──────── RECORDS FOR THIS EXERCISE ────────

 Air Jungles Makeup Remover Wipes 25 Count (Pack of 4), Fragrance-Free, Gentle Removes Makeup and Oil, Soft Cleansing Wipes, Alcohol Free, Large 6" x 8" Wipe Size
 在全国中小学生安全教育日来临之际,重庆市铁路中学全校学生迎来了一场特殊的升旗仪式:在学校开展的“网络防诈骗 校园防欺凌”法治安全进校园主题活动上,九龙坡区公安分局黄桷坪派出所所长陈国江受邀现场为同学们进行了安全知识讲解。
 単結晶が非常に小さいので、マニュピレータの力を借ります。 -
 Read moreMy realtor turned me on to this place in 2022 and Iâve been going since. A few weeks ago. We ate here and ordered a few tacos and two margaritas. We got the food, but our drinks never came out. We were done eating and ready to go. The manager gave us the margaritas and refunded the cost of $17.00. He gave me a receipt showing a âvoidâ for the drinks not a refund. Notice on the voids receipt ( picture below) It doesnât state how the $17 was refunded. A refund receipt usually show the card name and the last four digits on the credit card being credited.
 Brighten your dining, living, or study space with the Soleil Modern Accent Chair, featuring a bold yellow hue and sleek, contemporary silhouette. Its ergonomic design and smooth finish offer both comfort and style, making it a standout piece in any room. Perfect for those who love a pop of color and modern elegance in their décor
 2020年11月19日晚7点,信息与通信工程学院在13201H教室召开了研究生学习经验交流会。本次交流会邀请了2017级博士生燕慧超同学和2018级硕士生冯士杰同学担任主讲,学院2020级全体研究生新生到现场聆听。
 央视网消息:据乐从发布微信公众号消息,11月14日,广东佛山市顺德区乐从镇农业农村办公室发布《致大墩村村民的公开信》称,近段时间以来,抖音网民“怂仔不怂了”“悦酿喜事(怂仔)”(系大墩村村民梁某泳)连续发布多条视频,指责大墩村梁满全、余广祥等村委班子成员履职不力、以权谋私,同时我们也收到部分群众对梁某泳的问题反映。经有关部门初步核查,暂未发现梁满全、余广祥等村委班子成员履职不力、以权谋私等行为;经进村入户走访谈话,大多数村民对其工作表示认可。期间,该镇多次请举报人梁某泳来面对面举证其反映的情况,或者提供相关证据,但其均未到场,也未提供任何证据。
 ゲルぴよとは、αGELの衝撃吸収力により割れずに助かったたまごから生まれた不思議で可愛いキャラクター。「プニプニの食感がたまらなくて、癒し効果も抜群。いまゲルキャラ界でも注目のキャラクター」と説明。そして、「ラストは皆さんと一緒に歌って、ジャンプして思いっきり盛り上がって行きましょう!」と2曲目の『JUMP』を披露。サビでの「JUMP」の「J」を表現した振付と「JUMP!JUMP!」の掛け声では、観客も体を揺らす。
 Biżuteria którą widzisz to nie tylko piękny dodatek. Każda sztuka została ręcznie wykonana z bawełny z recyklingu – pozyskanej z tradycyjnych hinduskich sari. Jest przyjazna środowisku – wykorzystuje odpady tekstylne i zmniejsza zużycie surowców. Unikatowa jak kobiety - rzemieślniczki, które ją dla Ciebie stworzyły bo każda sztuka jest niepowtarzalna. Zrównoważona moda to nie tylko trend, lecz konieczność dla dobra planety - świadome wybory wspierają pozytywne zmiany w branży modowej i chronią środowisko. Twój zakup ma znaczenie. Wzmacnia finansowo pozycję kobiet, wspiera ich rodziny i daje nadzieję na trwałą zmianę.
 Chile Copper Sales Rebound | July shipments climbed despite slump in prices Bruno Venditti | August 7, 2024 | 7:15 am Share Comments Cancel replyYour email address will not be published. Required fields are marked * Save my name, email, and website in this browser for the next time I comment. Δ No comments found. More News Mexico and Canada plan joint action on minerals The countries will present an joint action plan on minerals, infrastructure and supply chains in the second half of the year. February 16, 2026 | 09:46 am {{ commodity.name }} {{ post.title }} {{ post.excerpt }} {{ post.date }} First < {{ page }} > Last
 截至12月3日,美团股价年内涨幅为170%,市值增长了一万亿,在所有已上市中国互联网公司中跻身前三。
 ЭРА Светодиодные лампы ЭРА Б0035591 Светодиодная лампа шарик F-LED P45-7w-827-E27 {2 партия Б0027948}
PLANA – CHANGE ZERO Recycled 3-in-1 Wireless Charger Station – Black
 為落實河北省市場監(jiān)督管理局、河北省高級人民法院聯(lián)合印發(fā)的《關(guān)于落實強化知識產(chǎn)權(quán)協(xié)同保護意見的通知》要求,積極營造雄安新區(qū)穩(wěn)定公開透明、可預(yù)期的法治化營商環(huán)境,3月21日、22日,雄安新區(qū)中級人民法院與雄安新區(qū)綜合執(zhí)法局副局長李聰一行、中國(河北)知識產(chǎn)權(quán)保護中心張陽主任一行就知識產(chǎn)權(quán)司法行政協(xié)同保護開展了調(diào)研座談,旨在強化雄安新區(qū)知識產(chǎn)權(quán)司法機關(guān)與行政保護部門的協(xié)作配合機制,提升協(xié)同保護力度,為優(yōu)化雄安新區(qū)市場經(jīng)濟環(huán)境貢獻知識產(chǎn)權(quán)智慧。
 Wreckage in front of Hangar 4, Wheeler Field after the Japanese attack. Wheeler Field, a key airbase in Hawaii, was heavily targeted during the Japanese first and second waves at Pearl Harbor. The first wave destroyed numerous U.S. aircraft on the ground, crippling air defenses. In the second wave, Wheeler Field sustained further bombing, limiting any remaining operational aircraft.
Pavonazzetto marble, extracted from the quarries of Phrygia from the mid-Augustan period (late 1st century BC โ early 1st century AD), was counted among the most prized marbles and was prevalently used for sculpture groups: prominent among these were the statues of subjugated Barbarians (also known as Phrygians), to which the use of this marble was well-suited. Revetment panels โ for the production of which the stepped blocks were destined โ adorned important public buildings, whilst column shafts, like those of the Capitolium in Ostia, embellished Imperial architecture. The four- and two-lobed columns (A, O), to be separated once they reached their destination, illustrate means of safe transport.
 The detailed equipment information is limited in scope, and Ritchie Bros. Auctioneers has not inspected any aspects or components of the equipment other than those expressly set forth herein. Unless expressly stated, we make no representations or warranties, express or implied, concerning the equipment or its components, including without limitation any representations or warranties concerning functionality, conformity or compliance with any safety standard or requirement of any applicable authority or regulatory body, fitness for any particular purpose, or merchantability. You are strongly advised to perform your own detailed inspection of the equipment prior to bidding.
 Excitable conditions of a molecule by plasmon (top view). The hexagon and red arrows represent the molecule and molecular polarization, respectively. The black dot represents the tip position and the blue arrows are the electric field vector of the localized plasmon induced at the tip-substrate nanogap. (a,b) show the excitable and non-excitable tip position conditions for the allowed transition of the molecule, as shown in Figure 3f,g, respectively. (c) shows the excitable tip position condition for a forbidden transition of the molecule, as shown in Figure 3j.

────────

- _WORK INSTRUCTION_
Look above for the line holding "ゲルぴよとは、αGELの衝撃". Print it and every line after it, exactly, through the line holding "為落實河北省市場監(jiān".

- _RESPONSE FOR THIS EXERCISE_
 ゲルぴよとは、αGELの衝撃吸収力により割れずに助かったたまごから生まれた不思議で可愛いキャラクター。「プニプニの食感がたまらなくて、癒し効果も抜群。いまゲルキャラ界でも注目のキャラクター」と説明。そして、「ラストは皆さんと一緒に歌って、ジャンプして思いっきり盛り上がって行きましょう!」と2曲目の『JUMP』を披露。サビでの「JUMP」の「J」を表現した振付と「JUMP!JUMP!」の掛け声では、観客も体を揺らす。
 Biżuteria którą widzisz to nie tylko piękny dodatek. Każda sztuka została ręcznie wykonana z bawełny z recyklingu – pozyskanej z tradycyjnych hinduskich sari. Jest przyjazna środowisku – wykorzystuje odpady tekstylne i zmniejsza zużycie surowców. Unikatowa jak kobiety - rzemieślniczki, które ją dla Ciebie stworzyły bo każda sztuka jest niepowtarzalna. Zrównoważona moda to nie tylko trend, lecz konieczność dla dobra planety - świadome wybory wspierają pozytywne zmiany w branży modowej i chronią środowisko. Twój zakup ma znaczenie. Wzmacnia finansowo pozycję kobiet, wspiera ich rodziny i daje nadzieję na trwałą zmianę.
 Chile Copper Sales Rebound | July shipments climbed despite slump in prices Bruno Venditti | August 7, 2024 | 7:15 am Share Comments Cancel replyYour email address will not be published. Required fields are marked * Save my name, email, and website in this browser for the next time I comment. Δ No comments found. More News Mexico and Canada plan joint action on minerals The countries will present an joint action plan on minerals, infrastructure and supply chains in the second half of the year. February 16, 2026 | 09:46 am {{ commodity.name }} {{ post.title }} {{ post.excerpt }} {{ post.date }} First < {{ page }} > Last
 截至12月3日,美团股价年内涨幅为170%,市值增长了一万亿,在所有已上市中国互联网公司中跻身前三。
 ЭРА Светодиодные лампы ЭРА Б0035591 Светодиодная лампа шарик F-LED P45-7w-827-E27 {2 партия Б0027948}
PLANA – CHANGE ZERO Recycled 3-in-1 Wireless Charger Station – Black
 為落實河北省市場監(jiān)督管理局、河北省高級人民法院聯(lián)合印發(fā)的《關(guān)于落實強化知識產(chǎn)權(quán)協(xié)同保護意見的通知》要求,積極營造雄安新區(qū)穩(wěn)定公開透明、可預(yù)期的法治化營商環(huán)境,3月21日、22日,雄安新區(qū)中級人民法院與雄安新區(qū)綜合執(zhí)法局副局長李聰一行、中國(河北)知識產(chǎn)權(quán)保護中心張陽主任一行就知識產(chǎn)權(quán)司法行政協(xié)同保護開展了調(diào)研座談,旨在強化雄安新區(qū)知識產(chǎn)權(quán)司法機關(guān)與行政保護部門的協(xié)作配合機制,提升協(xié)同保護力度,為優(yōu)化雄安新區(qū)市場經(jīng)濟環(huán)境貢獻知識產(chǎn)權(quán)智慧。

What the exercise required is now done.